TO DO:
Only the lines from the one containing "Спортивный напиток, обогащенный" to the end of the data below belong in the answer, each repeated exactly; no pictures.

SUPPLIED ENTRIES:
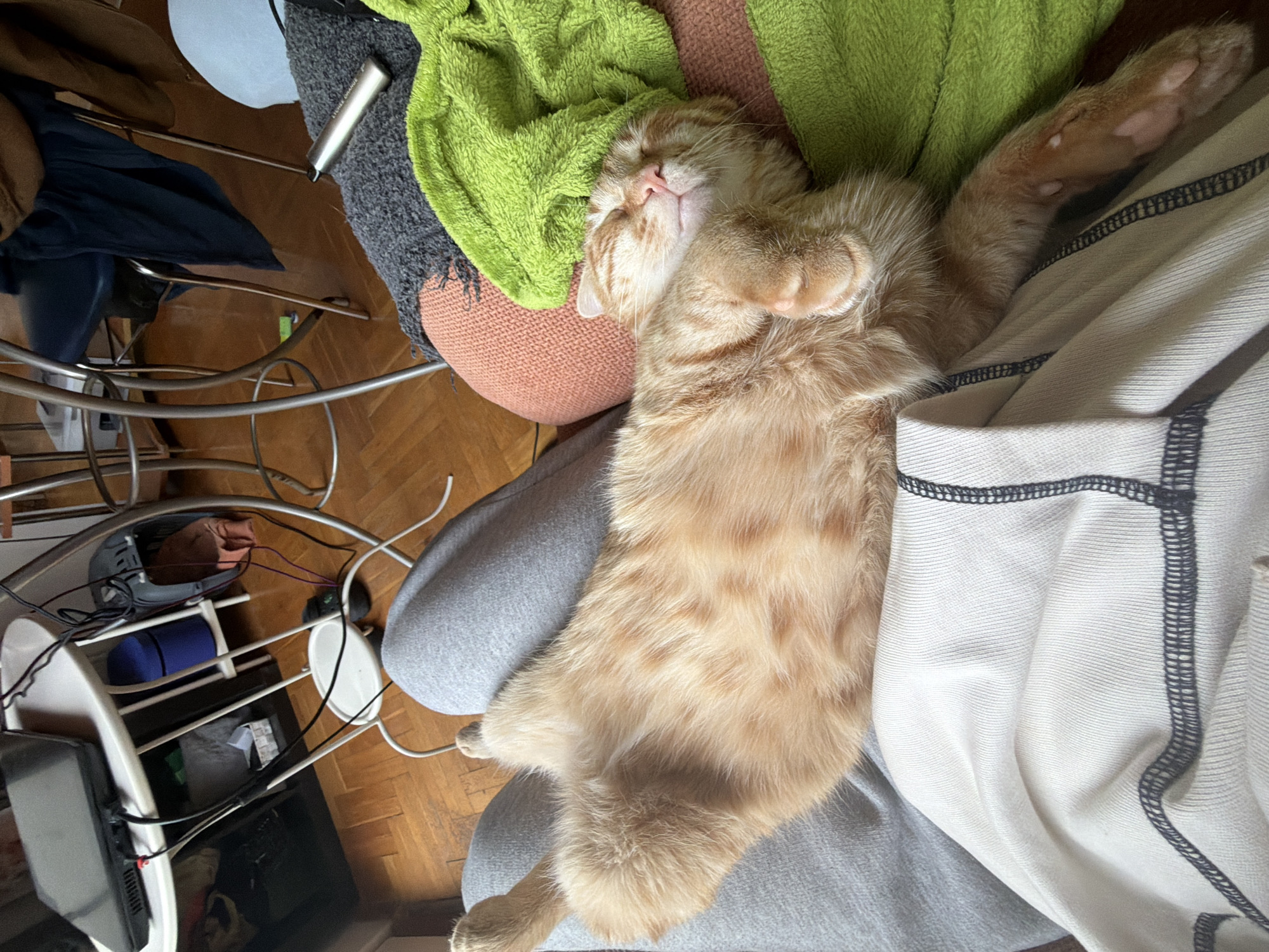 A ginger cat is sleeping on a chair. The chair has a gray cushioned seat, a coral back, and a green towel draped over it. The cat is lying on its back with its paws crossed over its chest. The background is blurry, but a table with various objects on it can be seen. The location is Sofia, Bulgaria.
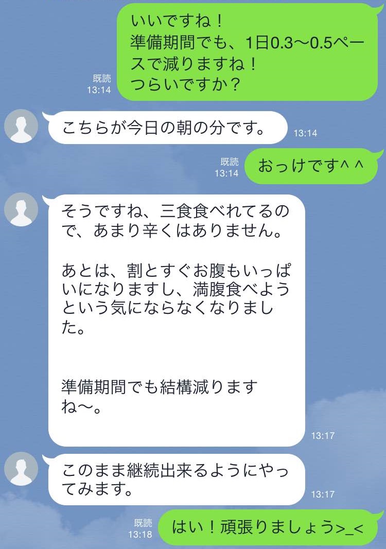 後は、LINEで毎日の体重と食事を送って頂き、細かくアドバイスしていきます。
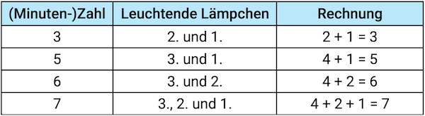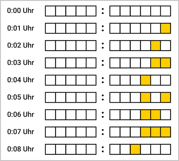 Hierbei kannst du bereits ein Muster erkennen. Bei Minute 1, 2, 4 und 8 leuchtet jeweils nur ein Lämpchen.
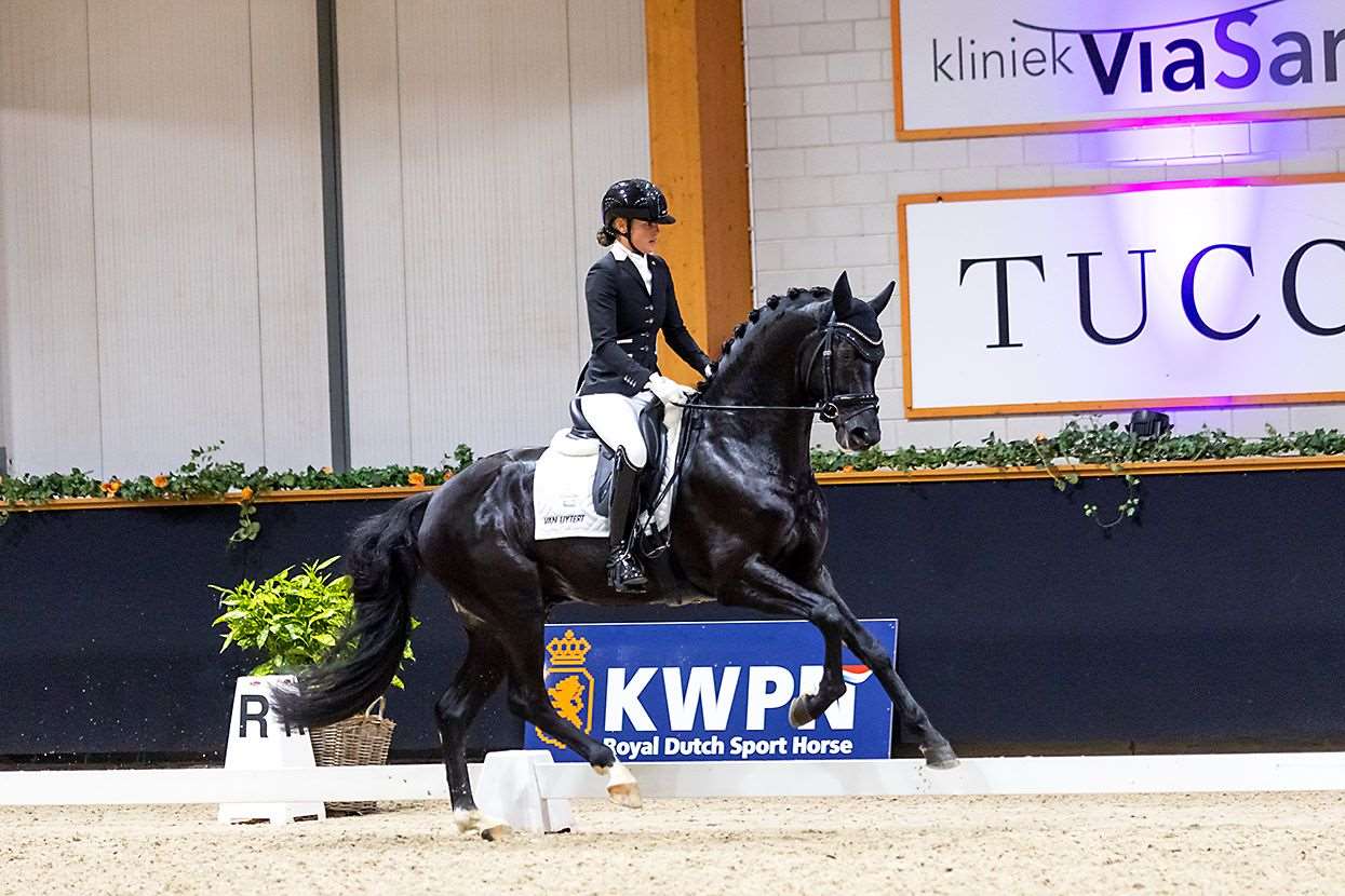 Lamborghini U.S. has consistently impressed judges with his athleticism and technique: Stallion Competition Kronenberg – 2nd place with 87.2 points Step: 8.2 | Trot: 8.8 | Gallop: 8.9 | Harmony: 9.0 | Total Impression: 8.7 Pavo Cup 2025 – Scores of 82.0 and 80.0 points Pavo Cup 2024 (4-year-old dressage horses) – Semi-final: 84.8% | Final: 83.6%, placing 8th Equisport Cup 3-year-old dressage horses 2023 – 3rd place with 86.2% Bart Bax praises him: “A chic and blood-made stallion with a very beautiful front, a lot of technique and mechanics in walking, and an expressive foreleg. He is attentive to his rider and loves to work. Care should be taken not to overwork him, but his talent and concentration are outstanding.”
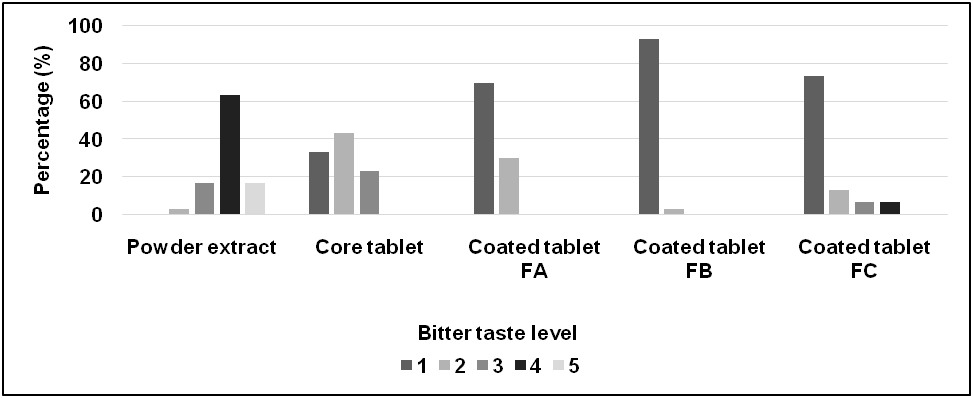 Bitter taste evaluation was performed on 30 respondents by giving the bitter taste level questionnaire of the three formulae of film-coated tablets, core, and extract powders. The questionnaire results were analyzed using statistical package for the social sciences (SPSS) program with Kruskal Wallis method. The bitterness level is from 1 (not bitter) until 5 (very bitter) [15, 16].
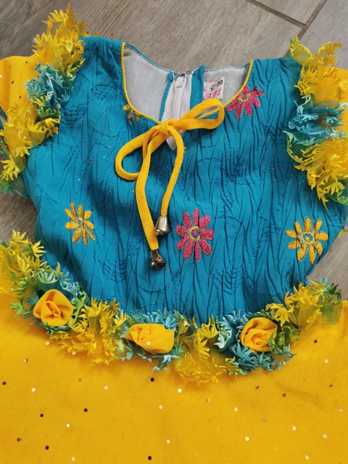 Robe jaune et bleu avec les fleurs 4-5 ans - photo numéro 11
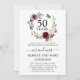 Ein hübscher und eleganter Kranz mit bordeauxroten, rosa und violetten Blumen umgibt 50 Jahre, um diese Party Einladung zum 50. Hochzeitstag zu ergänzen. Der Text ist eine Kombination aus moderner Kalligraphie und klassischem aufrechten Text, um ihm ein zeitgenössisches Ambiente zu verleihen.
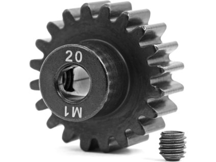 Traxxas pastorek na hřídel 5 mm s 20 zuby a modulem ozubení 1 mm pro RC modely aut. Vyrobeno z kalené oceli. Součástí balení je stavěcí šroub.
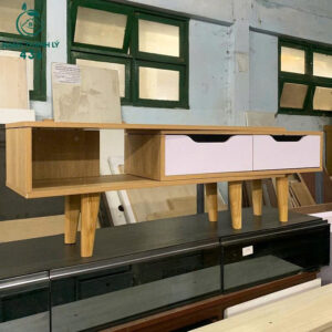- Mô tả: Kệ tivi gỗ cũ với thiết kế nhỏ gọn, phù hợp cho không gian phòng khách, phòng ngủ hoặc căn hộ có diện tích vừa và nhỏ. Sản phẩm gồm 2 ngăn kéo màu trắng nhẹ nhàng, dễ dàng lưu trữ đồ dùng như remote, sách, giấy tờ, giúp không gian luôn gọn gàng. Phần chân trụ gỗ cao, tạo sự thông thoáng, đồng thời dễ vệ sinh bên dưới. Chất liệu gỗ bền đẹp, bề mặt phủ màu vân gỗ sang trọng kết hợp mặt ngăn kéo trắng hiện đại.
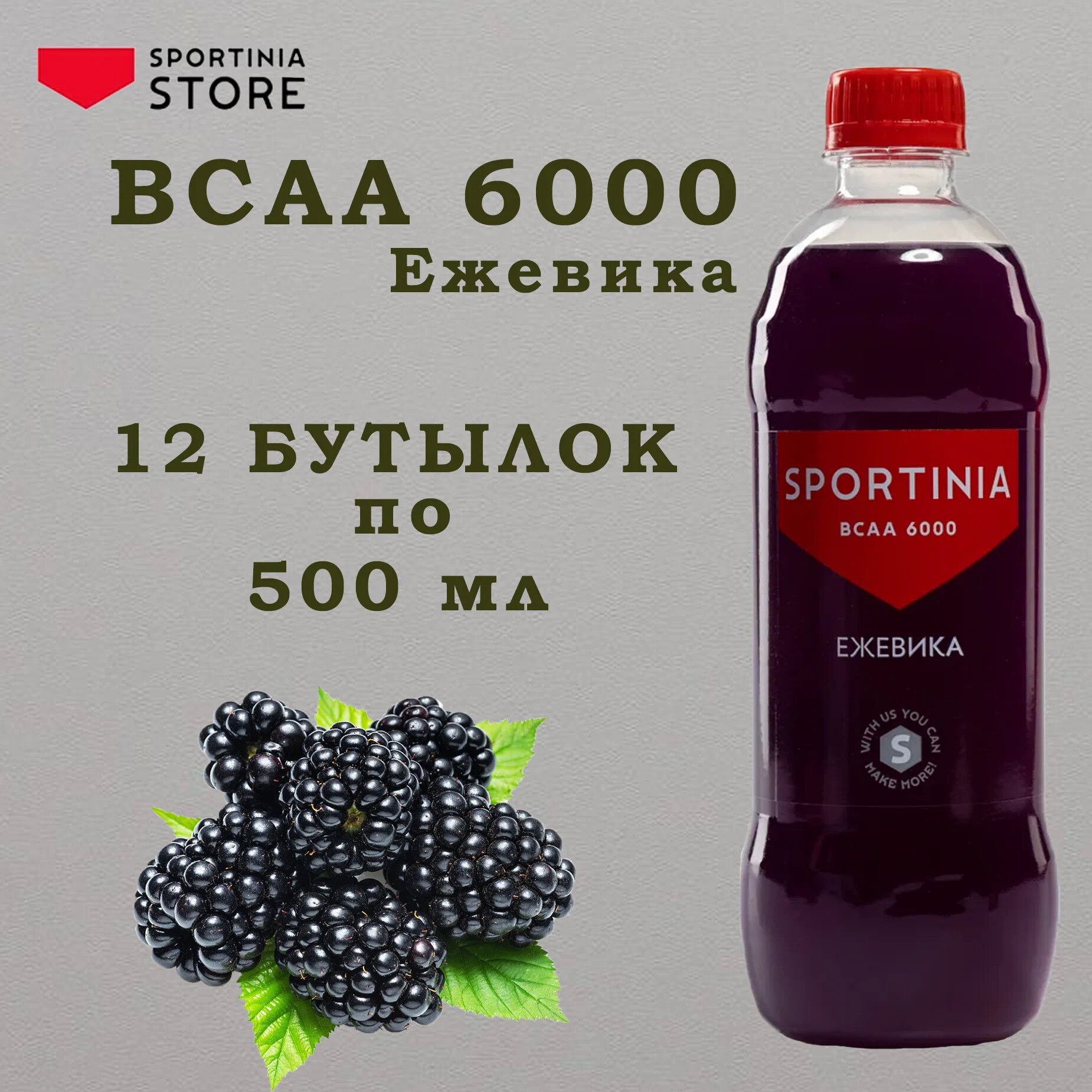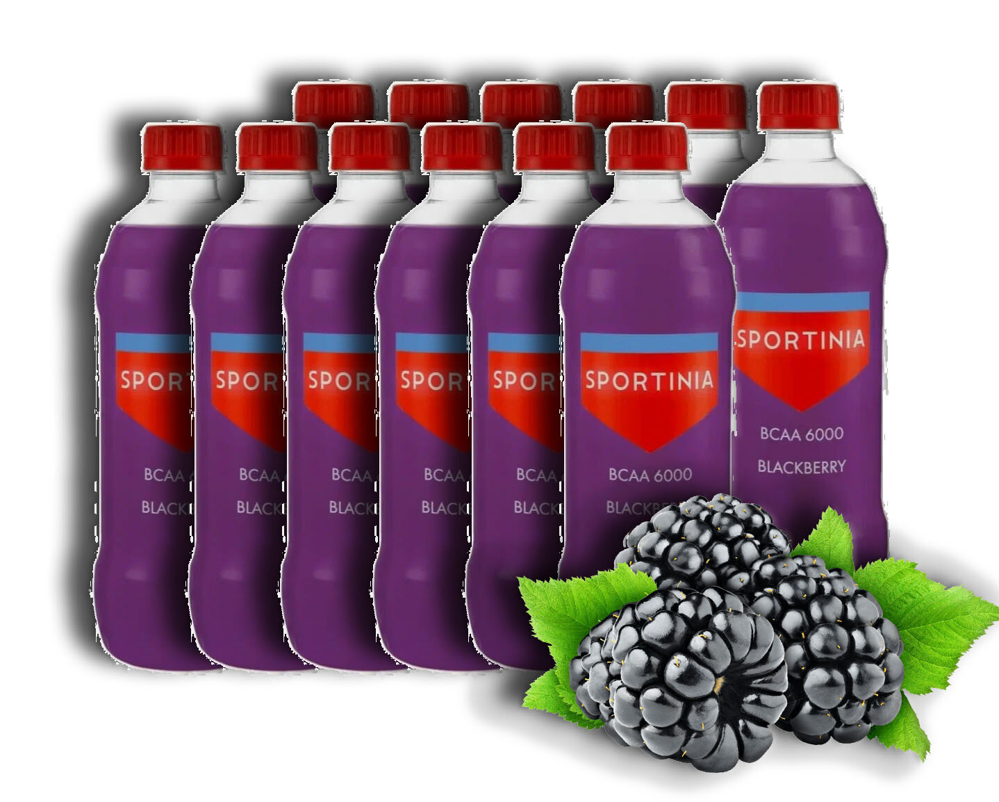 Спортивный напиток, обогащенный аминокислотами ВСАА, Sportinia BCAA 6000 со вкусом Ежевики 12 бутылок по 0,5 л.
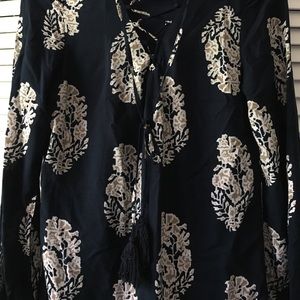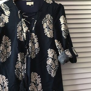 I took the tag off before trying it on. Never worn. Too small on me. Perfect condition. New without tags. Fits a 2-4. Bought it online from a boutique (cannot remember where). Can roll up the sleeves to a quarter sleeve!
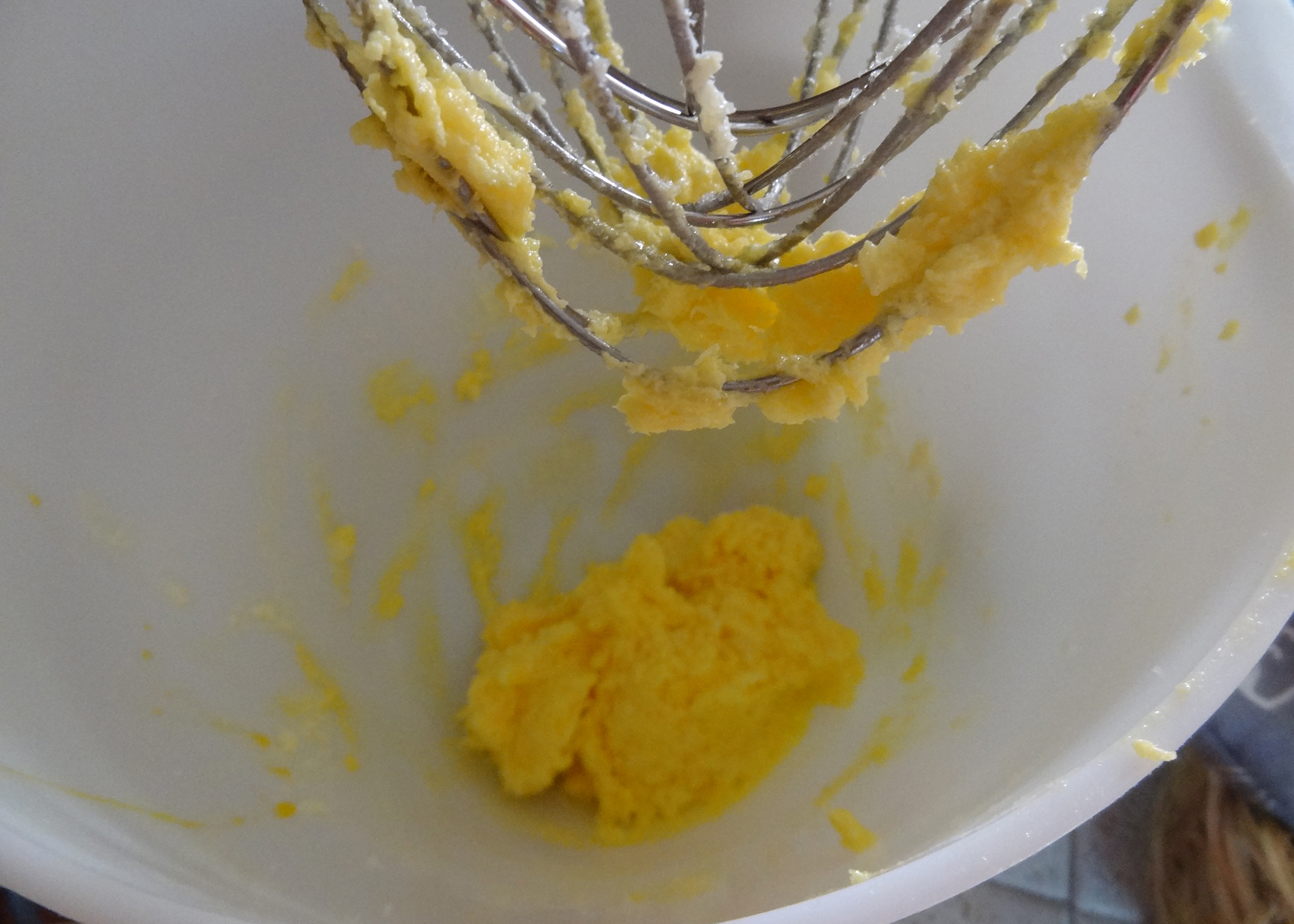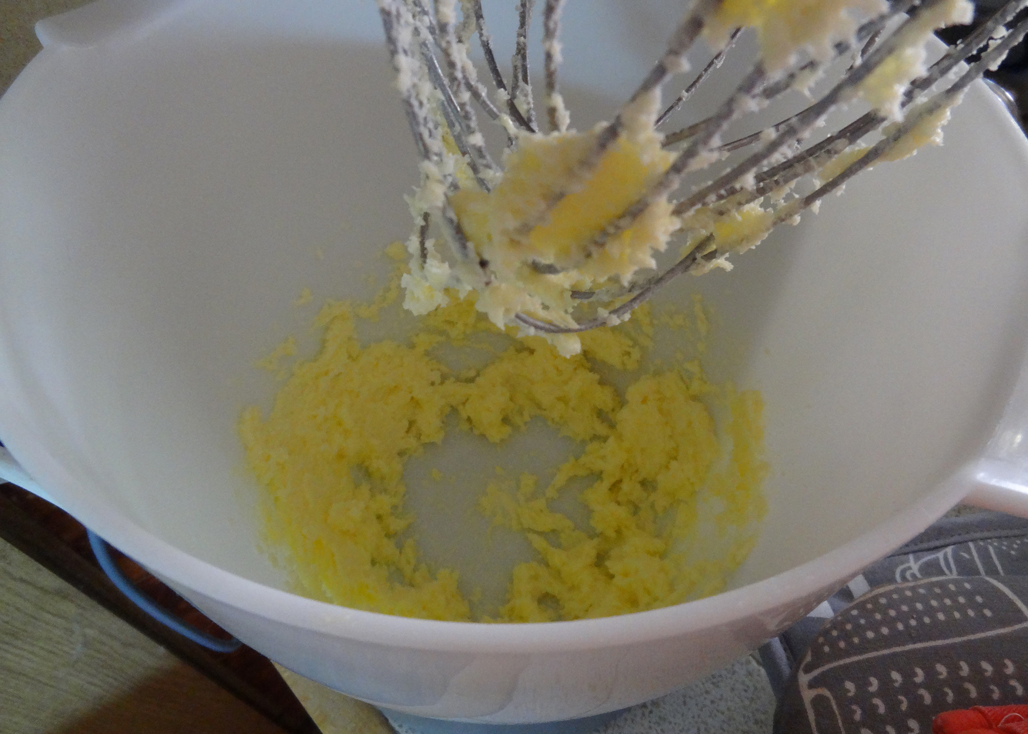 Für die Cakes die Butter mit 60g Zucker und Vanillezucker cremig rühren. Anschliessend die Eier trennen und die Eigelbe unter die Masse rühren.

EXERCISE SOLUTION:
 Спортивный напиток, обогащенный аминокислотами ВСАА, Sportinia BCAA 6000 со вкусом Ежевики 12 бутылок по 0,5 л.
 I took the tag off before trying it on. Never worn. Too small on me. Perfect condition. New without tags. Fits a 2-4. Bought it online from a boutique (cannot remember where). Can roll up the sleeves to a quarter sleeve!
 Für die Cakes die Butter mit 60g Zucker und Vanillezucker cremig rühren. Anschliessend die Eier trennen und die Eigelbe unter die Masse rühren.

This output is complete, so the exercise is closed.